Yes, you can do it, with Cell and RefCell, though the former is restricted to POD types and the latter comes with some minor runtime overhead.
Inherited mutability is not an unnecessary restriction from the point of view of memory safety. It's critical to Rust's ability to prevent iterator invalidation and related bugs at compile time. The fact that C++ doesn't do it is the source of many of its memory safety problems, such as dangling references and iterator invalidation.
Within context (the article is for C++ programmers) POD is a commonly used acronym.
If you're a C++ programmer and don't know about POD types (data types with zero implicit C++ behaviors), you should brush up on your fundamentals – it's essential to understand when and why C++ behaviors (i.e. behaviors above and beyond plain C) are invoked implicitly.

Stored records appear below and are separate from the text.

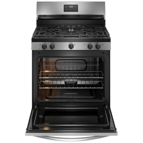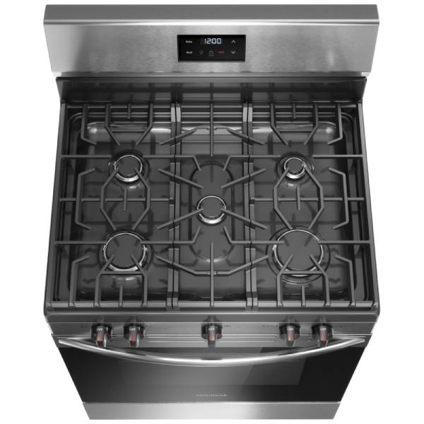 Cleaning is made effortless with removable, dishwasher-safe burner caps, ensuring your cooktop remains spotless after every use. Proudly assembled in the USA, this Frigidaire range combines high performance with practical features, making it an indispensable addition to any modern kitchen.
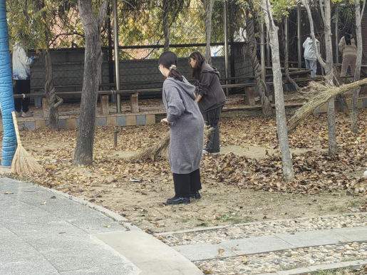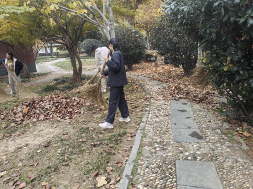 活动当日,同学们自行前往逵泉社区并在门口集合,组长认真清点人数。活动开始前半小时,志愿者与工作人员齐聚指定集合点,工作人员组织签到并进行简短有力的动员讲话与安全提醒。根据社区实际布局,参与者被合理分成若干小组,在工作人员带领下,志愿者们各司其职,分别对小区街道、公共区域的垃圾展开清理,清扫落叶、疏通沟渠等工作有序推进。清扫期间,大家分工清晰、配合默契,团队协作精神展露无遗。
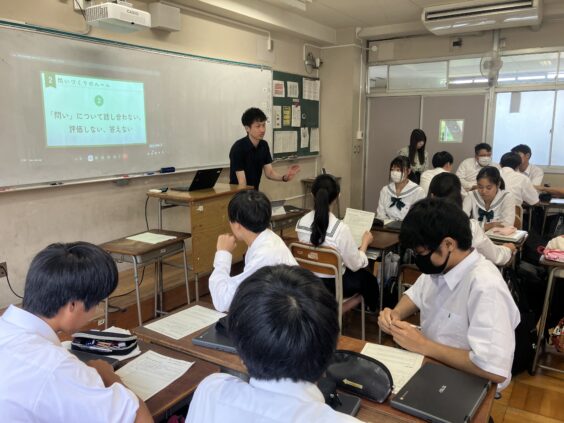 6月19日の総合的な探究の時間では、探究のノウハウを学ぼうの第2弾として「問をつくる」をテーマに学びました。探究活動では最初に課題設定をし、自分たちで立てた問いをもとに活動していきます。わからないこと誰かに聞く「質問」、物事を改善するために掲げる「問題」、目に見える前提や常識を疑う「疑問」など様々な「問い」があり、探究の出発点となる重要な要素です。今回は、高校魅力化コーディネーターの神宮さんにレクチャーをしていただきました。

I believe it actually means that y can be made to reference something other than x.
let x = 5
let mut y = &x
let i = 13
y = &i
This is similar to C++'s const-pointers and pointers-to-consts, where either a pointer cannot be made to point at something different or the pointer cannot be used to change what it points at.
Inherited mutability is not an unnecessary restriction from the point of view of memory safety. It's critical to Rust's ability to prevent iterator invalidation and related bugs at compile time. The fact that C++ doesn't do it is the source of many of its memory safety problems, such as dangling references and iterator invalidation.